(Beginning of Dataset entries)
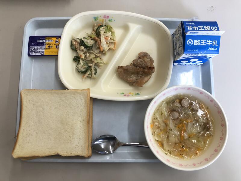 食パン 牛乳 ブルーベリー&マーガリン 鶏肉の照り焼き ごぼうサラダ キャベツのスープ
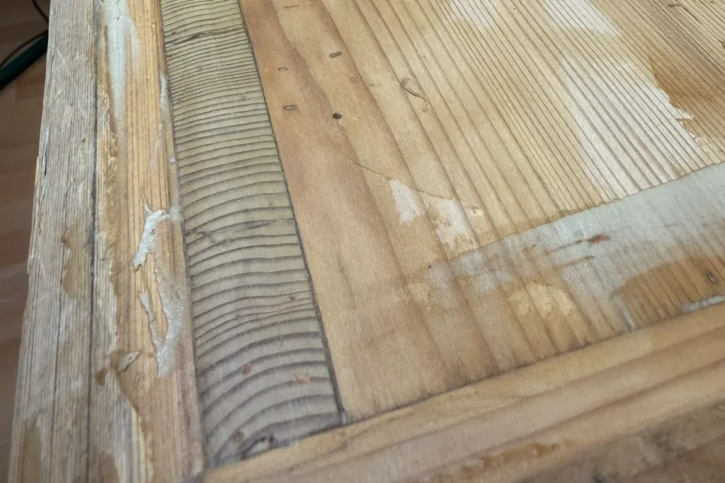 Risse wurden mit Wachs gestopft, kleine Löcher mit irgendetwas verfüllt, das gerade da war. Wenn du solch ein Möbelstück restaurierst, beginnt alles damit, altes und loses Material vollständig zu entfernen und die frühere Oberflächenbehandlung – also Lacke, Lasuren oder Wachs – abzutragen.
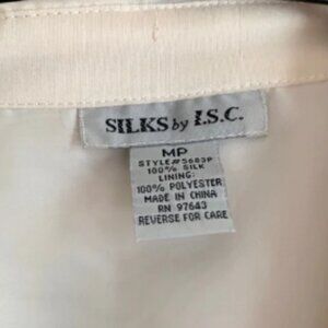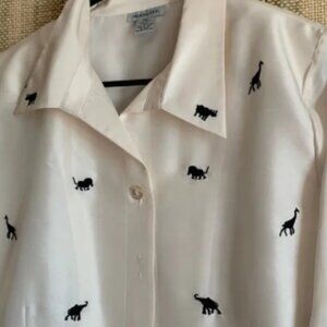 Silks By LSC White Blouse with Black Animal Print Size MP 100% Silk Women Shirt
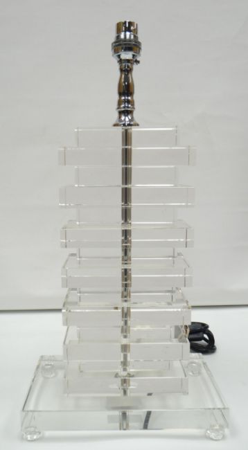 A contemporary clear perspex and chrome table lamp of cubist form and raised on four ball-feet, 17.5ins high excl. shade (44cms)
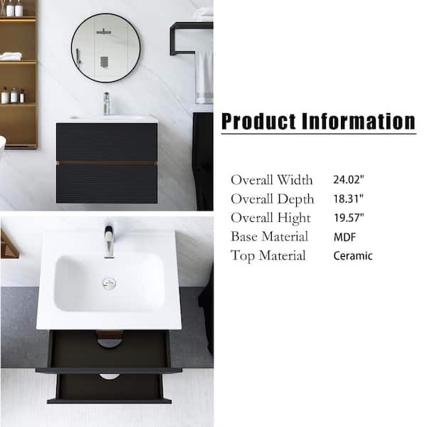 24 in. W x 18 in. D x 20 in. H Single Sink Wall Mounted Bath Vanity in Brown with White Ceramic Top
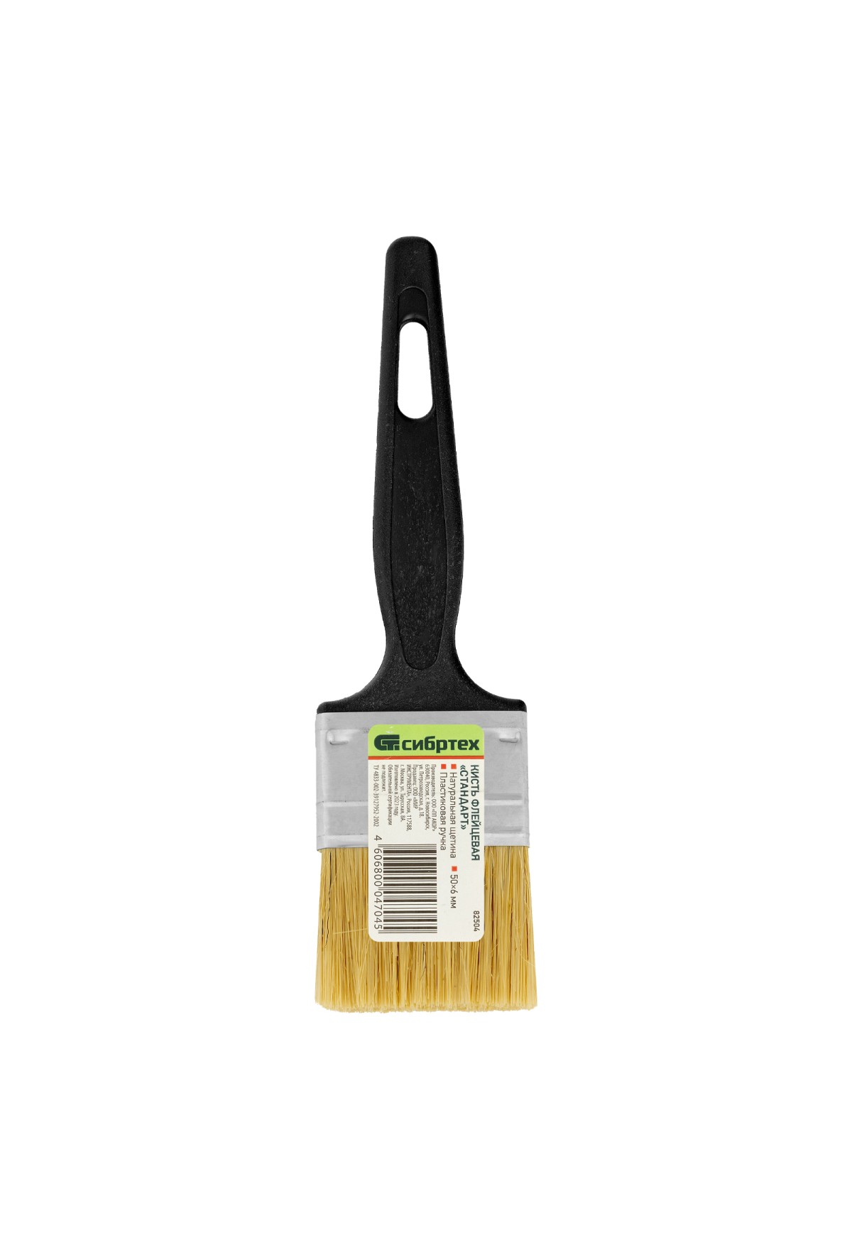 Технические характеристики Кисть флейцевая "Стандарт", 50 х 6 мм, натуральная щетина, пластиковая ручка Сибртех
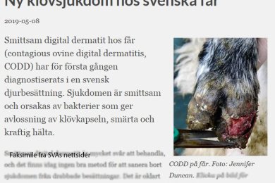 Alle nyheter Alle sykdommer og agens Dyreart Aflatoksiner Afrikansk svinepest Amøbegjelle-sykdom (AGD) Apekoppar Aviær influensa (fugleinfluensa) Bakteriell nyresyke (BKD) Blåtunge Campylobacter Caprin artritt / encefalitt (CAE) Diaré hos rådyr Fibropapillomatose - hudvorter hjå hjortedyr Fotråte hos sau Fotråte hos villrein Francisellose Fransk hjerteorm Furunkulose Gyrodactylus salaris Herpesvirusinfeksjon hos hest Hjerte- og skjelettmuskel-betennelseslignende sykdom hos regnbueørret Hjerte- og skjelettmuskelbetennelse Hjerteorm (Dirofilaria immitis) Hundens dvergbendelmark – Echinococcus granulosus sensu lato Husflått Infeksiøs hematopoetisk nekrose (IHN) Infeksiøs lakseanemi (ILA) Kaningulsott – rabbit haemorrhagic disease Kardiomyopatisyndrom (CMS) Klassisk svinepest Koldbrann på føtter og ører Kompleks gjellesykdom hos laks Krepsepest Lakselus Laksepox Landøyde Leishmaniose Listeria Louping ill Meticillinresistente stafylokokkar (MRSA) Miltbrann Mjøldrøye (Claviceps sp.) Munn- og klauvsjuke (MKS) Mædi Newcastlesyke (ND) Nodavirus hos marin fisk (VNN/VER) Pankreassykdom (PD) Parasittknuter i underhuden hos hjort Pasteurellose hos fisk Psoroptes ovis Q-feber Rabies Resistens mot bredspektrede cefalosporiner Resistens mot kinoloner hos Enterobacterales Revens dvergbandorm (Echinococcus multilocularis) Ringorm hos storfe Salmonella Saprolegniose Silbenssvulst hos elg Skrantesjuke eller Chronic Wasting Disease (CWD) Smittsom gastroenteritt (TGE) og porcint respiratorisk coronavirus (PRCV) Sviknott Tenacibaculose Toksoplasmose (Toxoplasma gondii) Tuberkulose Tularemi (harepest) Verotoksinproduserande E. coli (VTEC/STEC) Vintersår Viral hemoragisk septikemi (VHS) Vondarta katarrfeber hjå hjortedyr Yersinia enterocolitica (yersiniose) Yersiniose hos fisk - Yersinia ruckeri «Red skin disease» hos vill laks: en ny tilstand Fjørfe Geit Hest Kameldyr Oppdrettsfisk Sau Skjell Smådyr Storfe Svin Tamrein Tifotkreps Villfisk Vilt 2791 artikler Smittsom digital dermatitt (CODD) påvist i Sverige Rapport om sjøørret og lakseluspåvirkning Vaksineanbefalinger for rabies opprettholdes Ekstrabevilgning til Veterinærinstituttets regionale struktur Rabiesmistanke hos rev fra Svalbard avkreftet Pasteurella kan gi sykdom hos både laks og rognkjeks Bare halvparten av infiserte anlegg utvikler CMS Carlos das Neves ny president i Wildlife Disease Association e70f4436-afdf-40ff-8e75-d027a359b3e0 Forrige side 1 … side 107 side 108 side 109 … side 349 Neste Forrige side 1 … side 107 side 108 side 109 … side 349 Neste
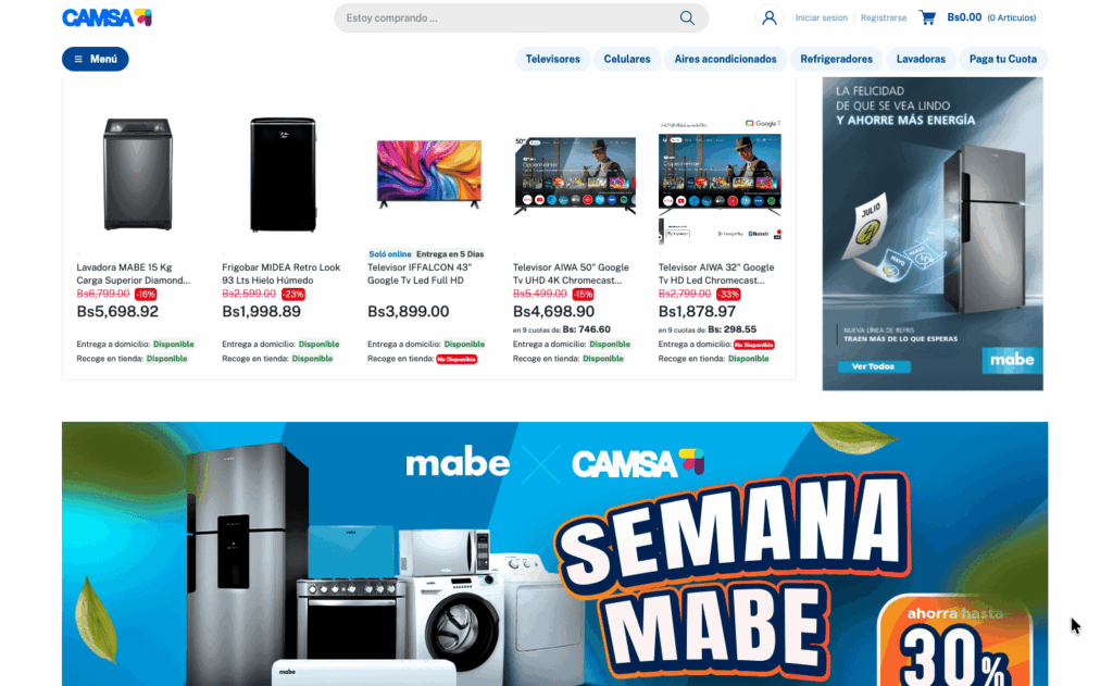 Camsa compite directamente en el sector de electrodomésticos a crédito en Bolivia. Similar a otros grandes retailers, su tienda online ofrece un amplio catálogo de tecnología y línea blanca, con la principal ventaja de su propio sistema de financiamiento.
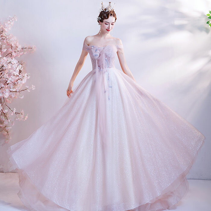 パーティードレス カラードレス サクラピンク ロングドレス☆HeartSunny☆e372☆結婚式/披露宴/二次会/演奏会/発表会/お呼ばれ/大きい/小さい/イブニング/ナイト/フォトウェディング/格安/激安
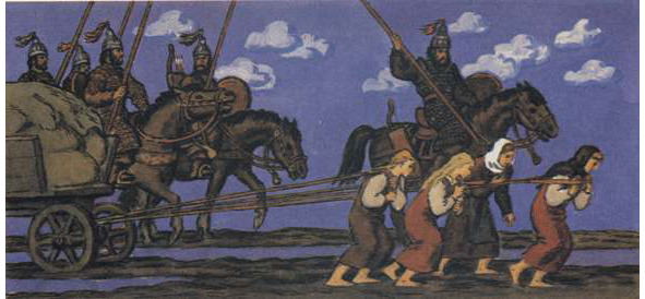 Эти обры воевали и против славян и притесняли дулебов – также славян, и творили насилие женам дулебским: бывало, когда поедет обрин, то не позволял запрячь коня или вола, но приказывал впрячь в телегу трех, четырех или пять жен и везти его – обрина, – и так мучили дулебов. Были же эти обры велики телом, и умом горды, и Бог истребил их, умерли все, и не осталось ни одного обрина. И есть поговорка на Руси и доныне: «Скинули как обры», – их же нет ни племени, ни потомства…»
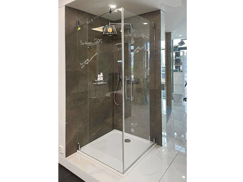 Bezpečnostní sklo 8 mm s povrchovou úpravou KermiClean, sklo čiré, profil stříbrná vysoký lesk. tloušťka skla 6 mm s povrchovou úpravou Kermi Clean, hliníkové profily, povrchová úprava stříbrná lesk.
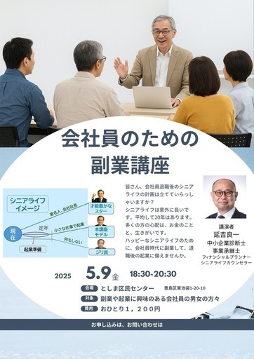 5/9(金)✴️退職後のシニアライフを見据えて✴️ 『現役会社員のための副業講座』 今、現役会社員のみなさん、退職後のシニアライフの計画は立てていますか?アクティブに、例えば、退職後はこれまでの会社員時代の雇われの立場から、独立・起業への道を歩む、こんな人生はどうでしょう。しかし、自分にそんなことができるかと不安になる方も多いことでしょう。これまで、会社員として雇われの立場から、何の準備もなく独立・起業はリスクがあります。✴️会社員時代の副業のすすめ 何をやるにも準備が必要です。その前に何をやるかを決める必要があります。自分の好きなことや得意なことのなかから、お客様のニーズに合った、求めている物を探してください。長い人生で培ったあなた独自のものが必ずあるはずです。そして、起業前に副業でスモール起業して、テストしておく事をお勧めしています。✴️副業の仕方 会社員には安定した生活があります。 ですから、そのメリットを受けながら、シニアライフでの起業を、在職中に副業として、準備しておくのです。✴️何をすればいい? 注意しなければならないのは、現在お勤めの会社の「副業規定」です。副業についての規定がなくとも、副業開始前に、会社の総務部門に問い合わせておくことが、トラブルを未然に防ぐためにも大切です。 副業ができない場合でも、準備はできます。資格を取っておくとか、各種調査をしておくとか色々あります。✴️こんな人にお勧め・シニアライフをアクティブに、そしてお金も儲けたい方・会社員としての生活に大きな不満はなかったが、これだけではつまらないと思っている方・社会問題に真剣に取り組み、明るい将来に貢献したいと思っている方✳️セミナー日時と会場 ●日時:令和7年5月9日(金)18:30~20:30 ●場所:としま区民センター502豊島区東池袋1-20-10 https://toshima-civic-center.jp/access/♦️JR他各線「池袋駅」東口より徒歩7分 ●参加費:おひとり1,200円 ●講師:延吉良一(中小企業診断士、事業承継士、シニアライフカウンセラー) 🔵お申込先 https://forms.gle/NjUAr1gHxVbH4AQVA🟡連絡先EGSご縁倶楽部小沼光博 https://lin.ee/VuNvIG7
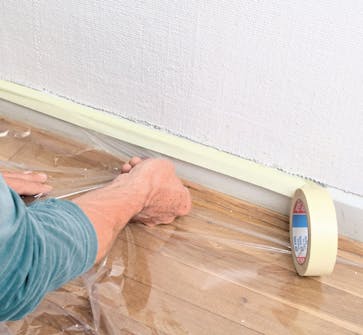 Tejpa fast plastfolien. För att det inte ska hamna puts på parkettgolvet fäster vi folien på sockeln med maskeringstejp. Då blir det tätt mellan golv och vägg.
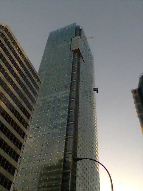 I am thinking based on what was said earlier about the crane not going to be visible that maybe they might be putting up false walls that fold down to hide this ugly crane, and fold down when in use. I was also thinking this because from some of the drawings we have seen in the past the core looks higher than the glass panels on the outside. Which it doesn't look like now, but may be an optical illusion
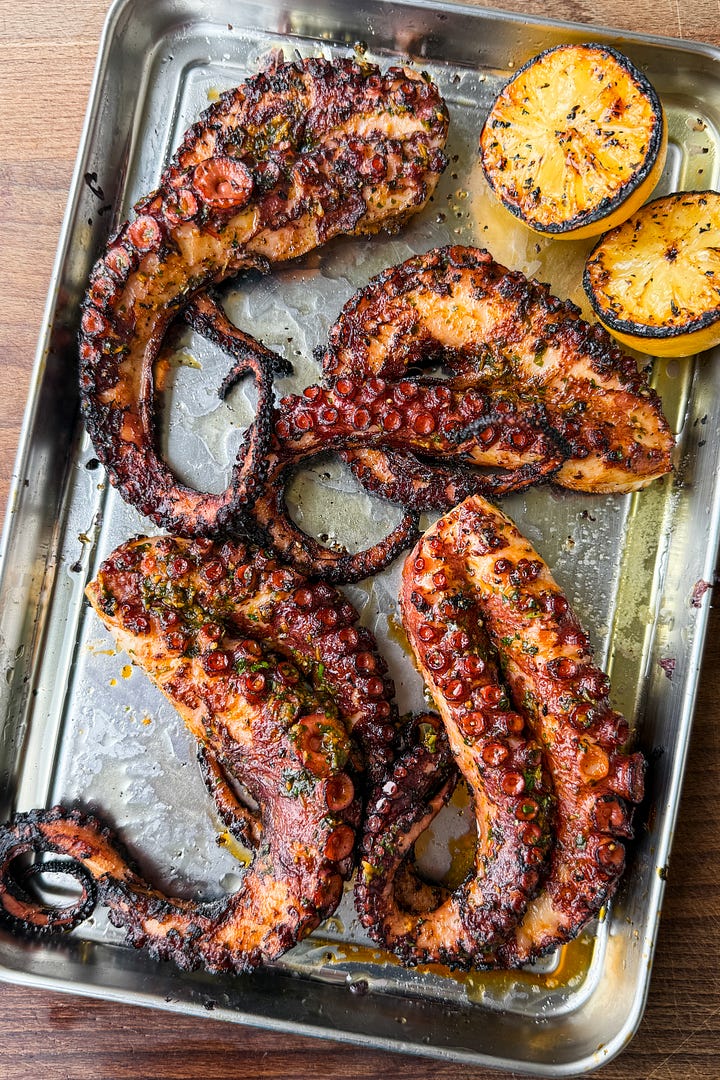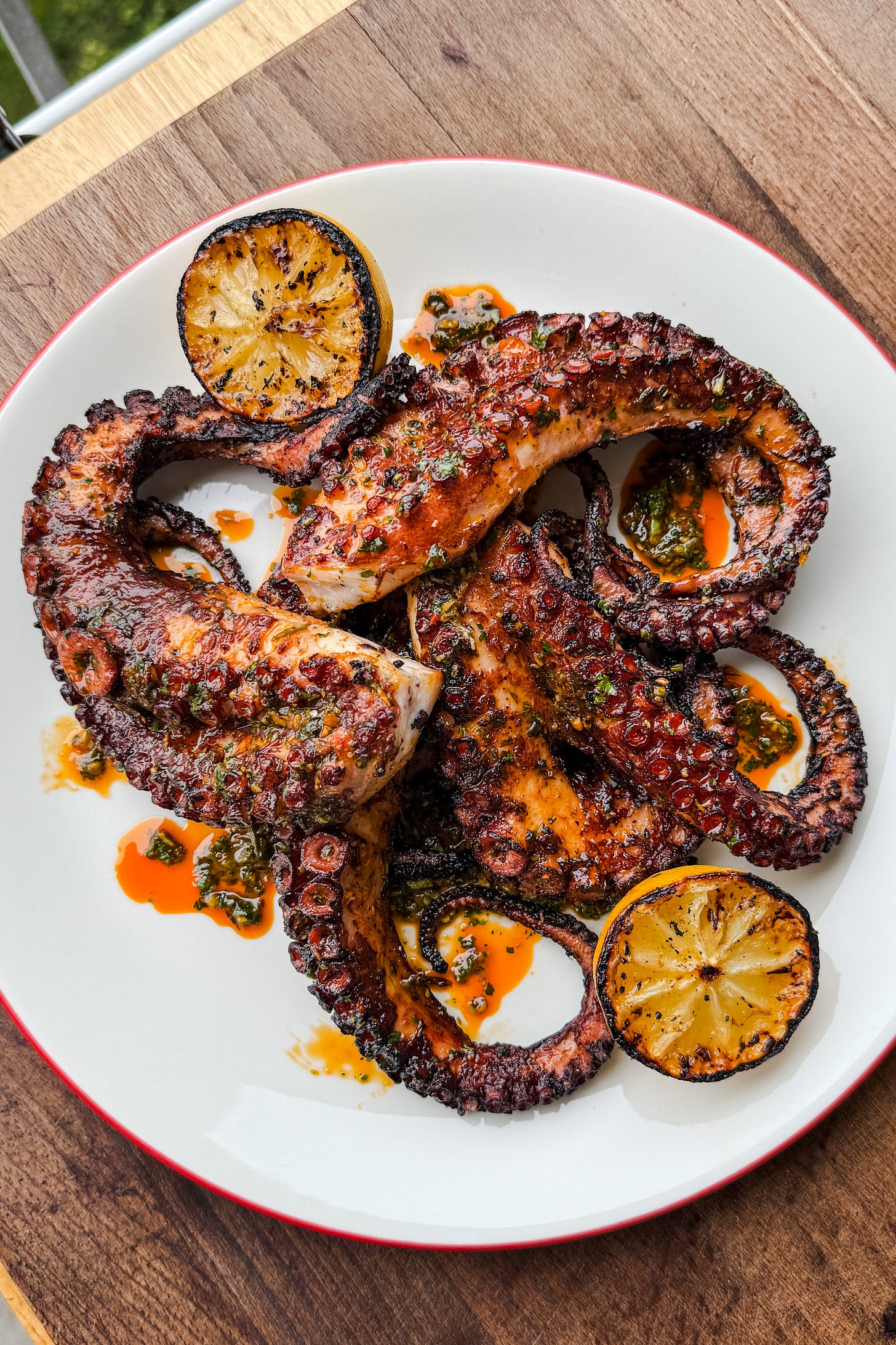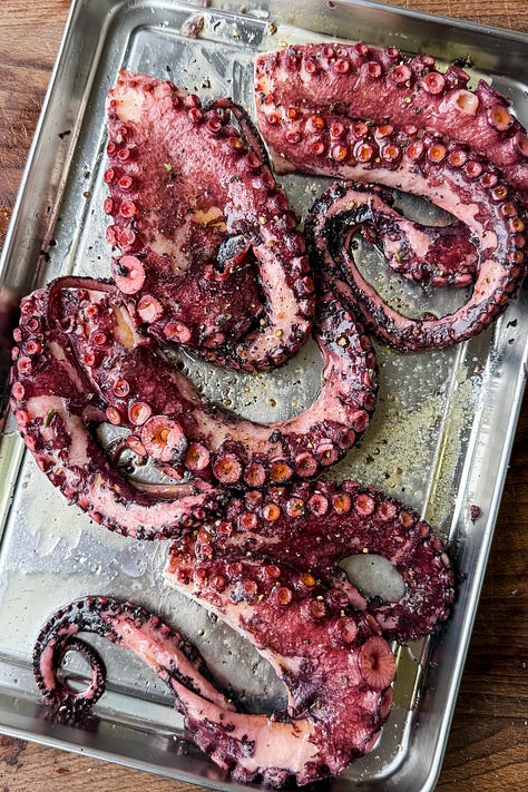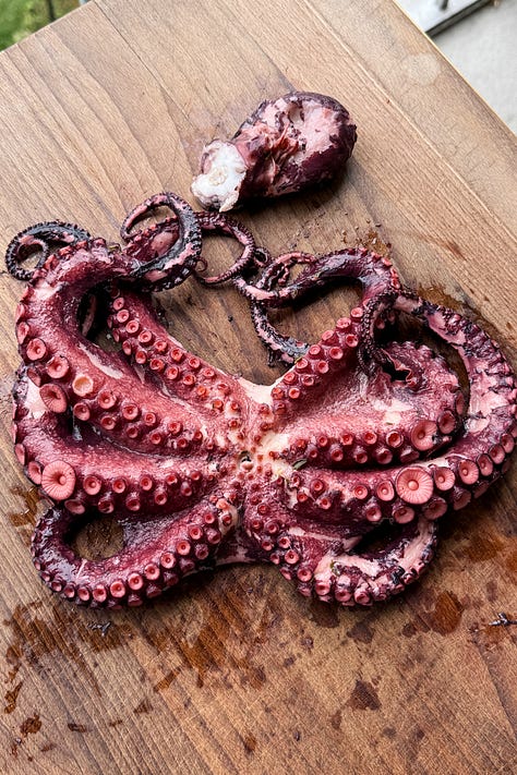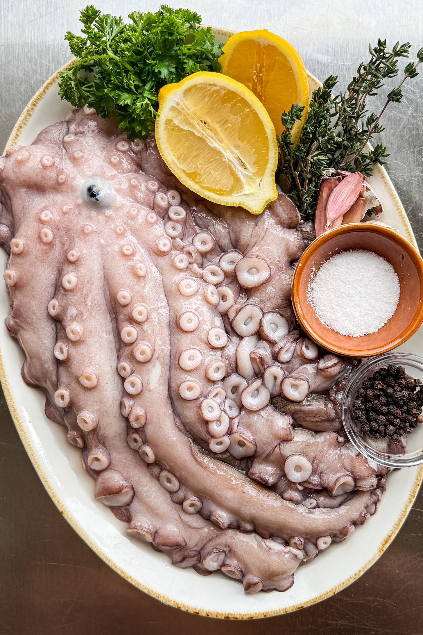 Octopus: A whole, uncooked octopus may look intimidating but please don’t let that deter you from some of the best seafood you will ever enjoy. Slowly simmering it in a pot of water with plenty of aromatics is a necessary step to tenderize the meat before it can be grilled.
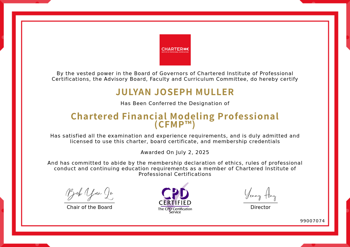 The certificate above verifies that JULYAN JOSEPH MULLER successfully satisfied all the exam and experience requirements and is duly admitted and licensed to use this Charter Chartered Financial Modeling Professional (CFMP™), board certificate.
(End of Dataset entries)
Instructions to follow |
A word-for-word copy is needed, starting at the first line of the listing and ending with the line bearing "A contemporary clear". No pictures.

Result of the task |
 食パン 牛乳 ブルーベリー&マーガリン 鶏肉の照り焼き ごぼうサラダ キャベツのスープ
 Risse wurden mit Wachs gestopft, kleine Löcher mit irgendetwas verfüllt, das gerade da war. Wenn du solch ein Möbelstück restaurierst, beginnt alles damit, altes und loses Material vollständig zu entfernen und die frühere Oberflächenbehandlung – also Lacke, Lasuren oder Wachs – abzutragen.
 Silks By LSC White Blouse with Black Animal Print Size MP 100% Silk Women Shirt
 A contemporary clear perspex and chrome table lamp of cubist form and raised on four ball-feet, 17.5ins high excl. shade (44cms)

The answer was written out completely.